• WHAT TO PRODUCE:
Transcribe all of the data exactly. Omit the pictures.

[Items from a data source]
###

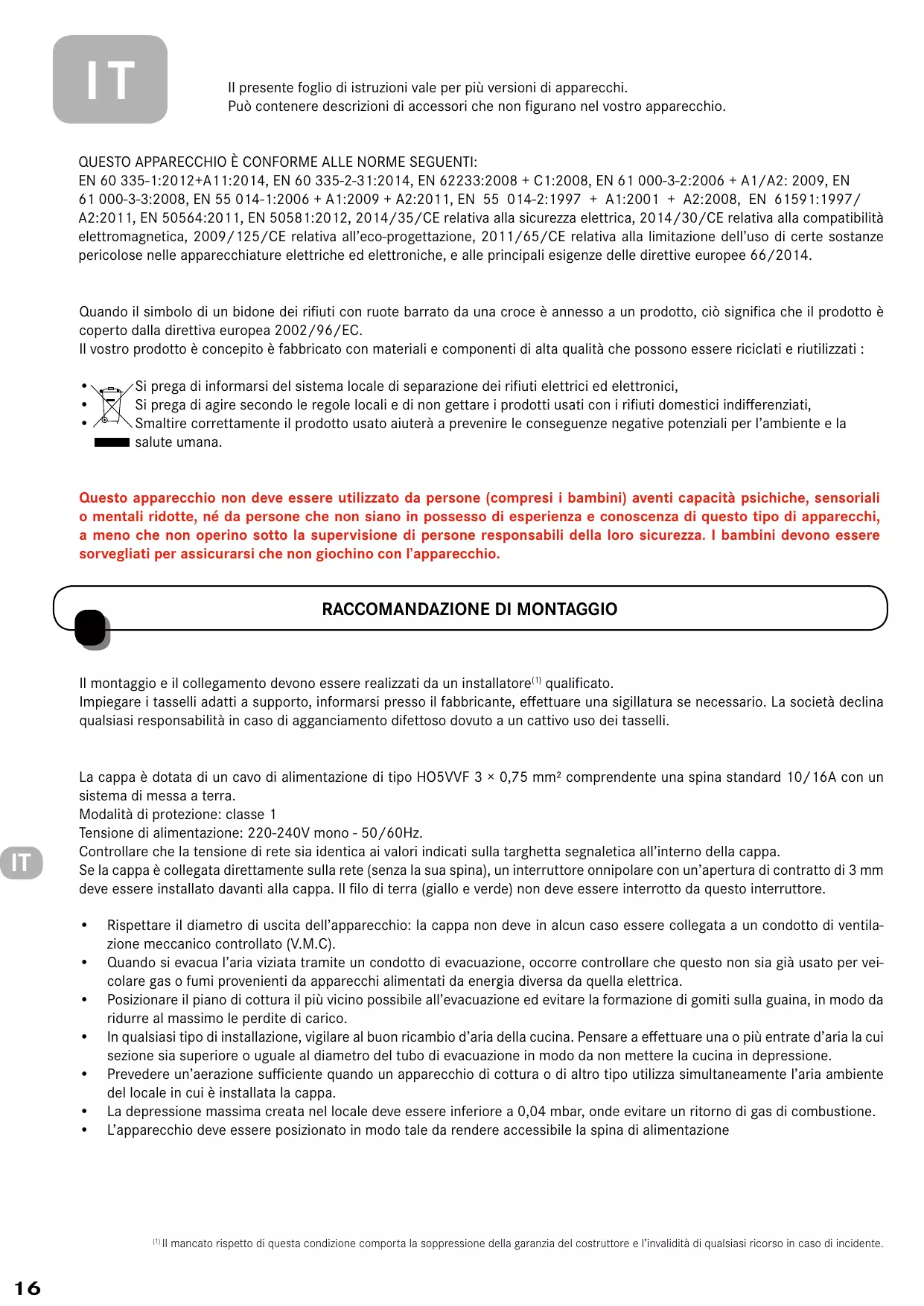 QUESTO APPARECCHIO È CONFORME ALLE NORME SEGUENTI: EN 60 335-1:2012+A11:2014, EN 60 335-2-31:2014, EN 62233:2008 + C1:2008, EN 61 000-3-2:2006 + A1/A2: 2009, EN 61 000-3-3:2008, EN 55 014-1:2006 + A1:2009 + A2:2011, EN 55 014-2:1997 + A1:2001 + A2:2008, EN 61591:1997/ A2:2011, EN 50564:2011, EN 50581:2012, 2014/35/CE relativa alla sicurezza elettrica, 2014/30/CE relativa alla compatibilità elettromagnetica, 2009/125/CE relativa all’eco-progettazione, 2011/65/CE relativa alla limitazione dell’uso di certe sostanze pericolose nelle apparecchiature elettriche ed elettroniche, e alle principali esigenze delle direttive europee 66/2014. Quando il simbolo di un bidone dei rifiuti con ruote barrato da una croce è annesso a un prodotto, ciò significa che il prodotto è coperto dalla direttiva europea 2002/96/EC. Il vostro prodotto è concepito è fabbricato con materiali e componenti di alta qualità che possono essere riciclati e riutilizzati : • • •
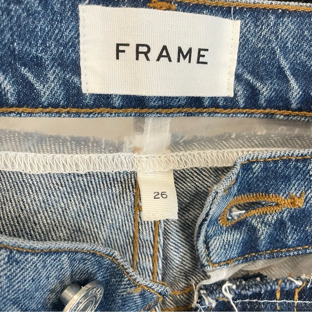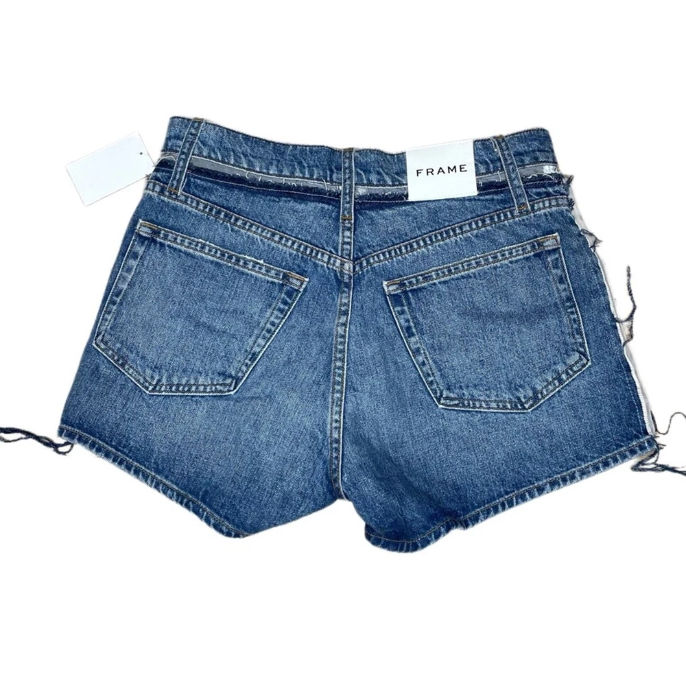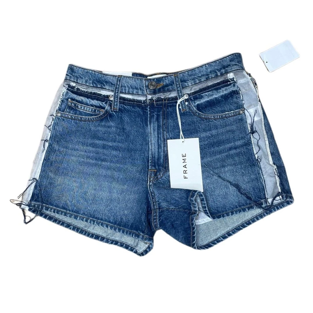 New with tags Frame Atelier Sheer Insert Short Color: Blue Designed by FRAME Atelier, this mid-rise short balances rigid denim in a medium blue wash with sheer organza insets for a sexy juxtaposition between feminine allure and the original FRAME boyfriend-fit silhouette. 100% Cotton Women’s Size 26 Waist: 14.5” across (flat lay) Rise: 10.5” Inseam: 3.5”
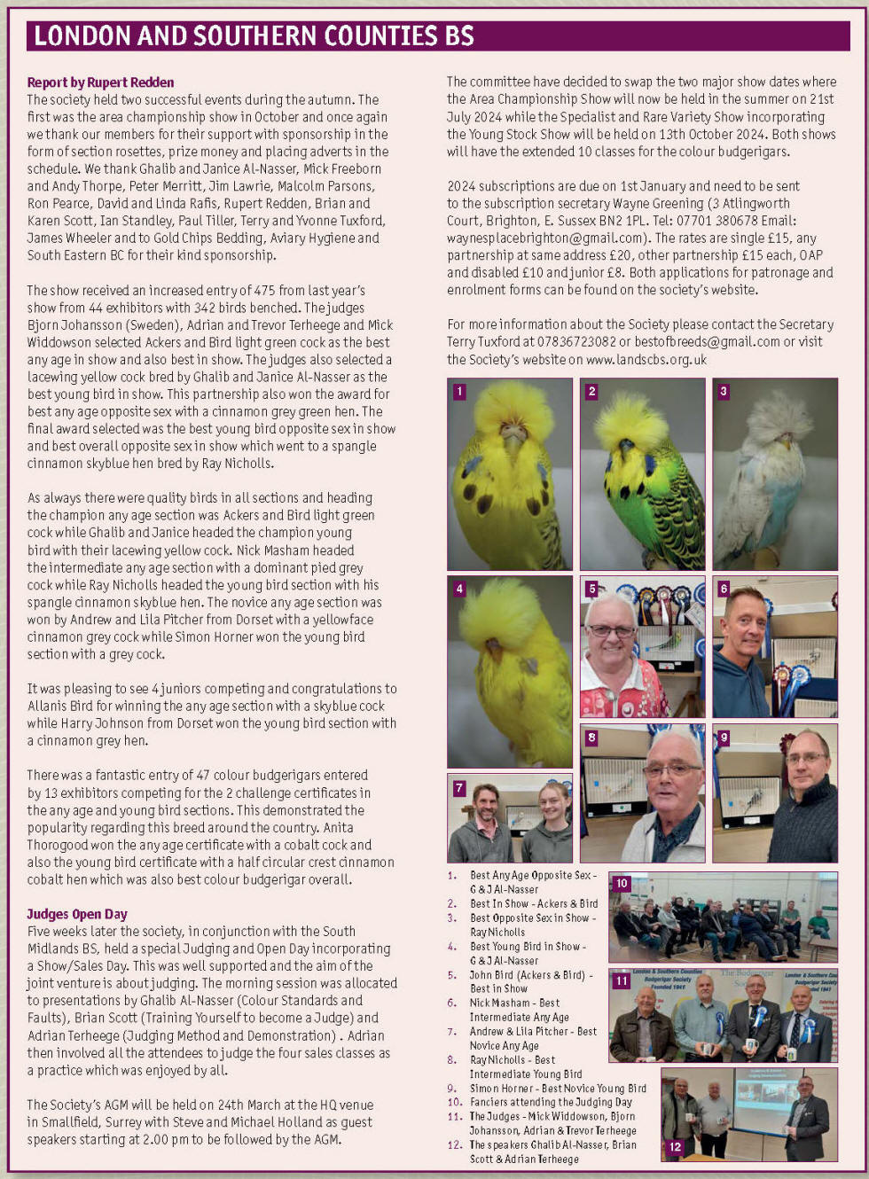 Sunday 12th October 2025 (judges invited are Dave Guppy,
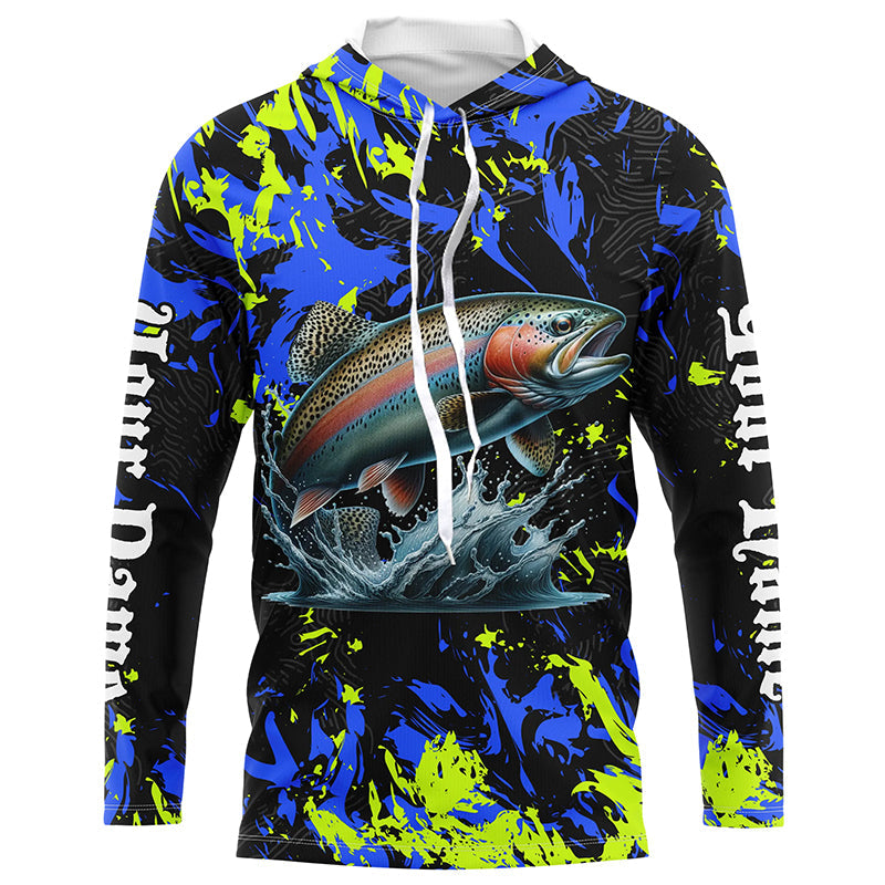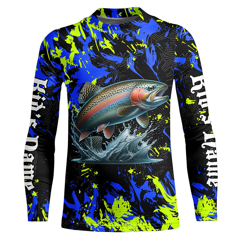 Rainbow trout fishing green blue camo Custom UV protection performance long sleeve fishing jerseys NQS7239
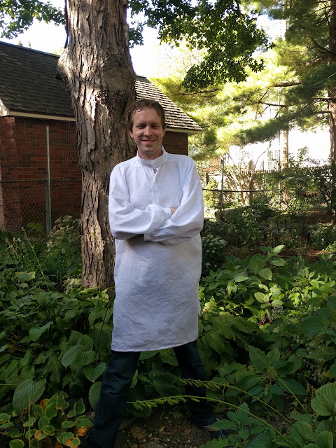 My shift (and Wade’s shirt) is fairly accurate in that it is made from linen. Constructing the shift and the shirt definitely felt different from constructing a modern garment. All of the pieces were either rectangles or triangles, with the exception of the neckline. They were cut this way to make the most economical use of the fabric. I have read posts from some historical costumers who hand sew their shifts, and they impress me with their dedication, but there was no way I was doing that. I used my machine, but did use felled seams for all the main seams. I was seriously temped to serge the arm gussets, but it just felt wrong on such a historical-feeling pattern. Instead, I cut a second gusset piece and handstitched it over. I have no idea if it was ever done like that, but I couldn’t leave all those raw edges.
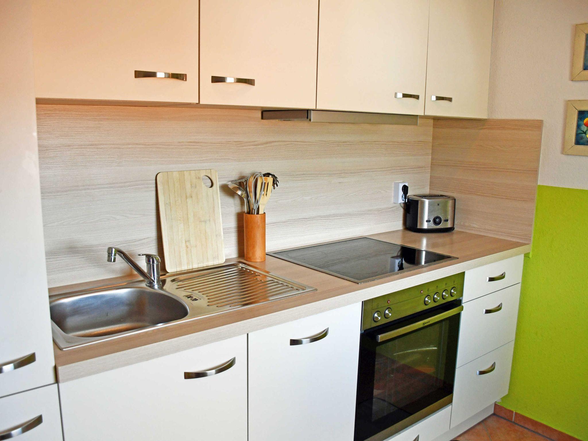 Die moderne Küche ist mit Cerankochfeld, Kühlschrank mit Gefrierfach, Geschirrspüler, Kaffeemaschine, Wasserkocher, Toaster und diversen Küchenutensilien bestens ausgestattet.

###

• WRITTEN RESPONSE:
 QUESTO APPARECCHIO È CONFORME ALLE NORME SEGUENTI: EN 60 335-1:2012+A11:2014, EN 60 335-2-31:2014, EN 62233:2008 + C1:2008, EN 61 000-3-2:2006 + A1/A2: 2009, EN 61 000-3-3:2008, EN 55 014-1:2006 + A1:2009 + A2:2011, EN 55 014-2:1997 + A1:2001 + A2:2008, EN 61591:1997/ A2:2011, EN 50564:2011, EN 50581:2012, 2014/35/CE relativa alla sicurezza elettrica, 2014/30/CE relativa alla compatibilità elettromagnetica, 2009/125/CE relativa all’eco-progettazione, 2011/65/CE relativa alla limitazione dell’uso di certe sostanze pericolose nelle apparecchiature elettriche ed elettroniche, e alle principali esigenze delle direttive europee 66/2014. Quando il simbolo di un bidone dei rifiuti con ruote barrato da una croce è annesso a un prodotto, ciò significa che il prodotto è coperto dalla direttiva europea 2002/96/EC. Il vostro prodotto è concepito è fabbricato con materiali e componenti di alta qualità che possono essere riciclati e riutilizzati : • • •
 New with tags Frame Atelier Sheer Insert Short Color: Blue Designed by FRAME Atelier, this mid-rise short balances rigid denim in a medium blue wash with sheer organza insets for a sexy juxtaposition between feminine allure and the original FRAME boyfriend-fit silhouette. 100% Cotton Women’s Size 26 Waist: 14.5” across (flat lay) Rise: 10.5” Inseam: 3.5”
 Sunday 12th October 2025 (judges invited are Dave Guppy,
 Rainbow trout fishing green blue camo Custom UV protection performance long sleeve fishing jerseys NQS7239
 My shift (and Wade’s shirt) is fairly accurate in that it is made from linen. Constructing the shift and the shirt definitely felt different from constructing a modern garment. All of the pieces were either rectangles or triangles, with the exception of the neckline. They were cut this way to make the most economical use of the fabric. I have read posts from some historical costumers who hand sew their shifts, and they impress me with their dedication, but there was no way I was doing that. I used my machine, but did use felled seams for all the main seams. I was seriously temped to serge the arm gussets, but it just felt wrong on such a historical-feeling pattern. Instead, I cut a second gusset piece and handstitched it over. I have no idea if it was ever done like that, but I couldn’t leave all those raw edges.
 Die moderne Küche ist mit Cerankochfeld, Kühlschrank mit Gefrierfach, Geschirrspüler, Kaffeemaschine, Wasserkocher, Toaster und diversen Küchenutensilien bestens ausgestattet.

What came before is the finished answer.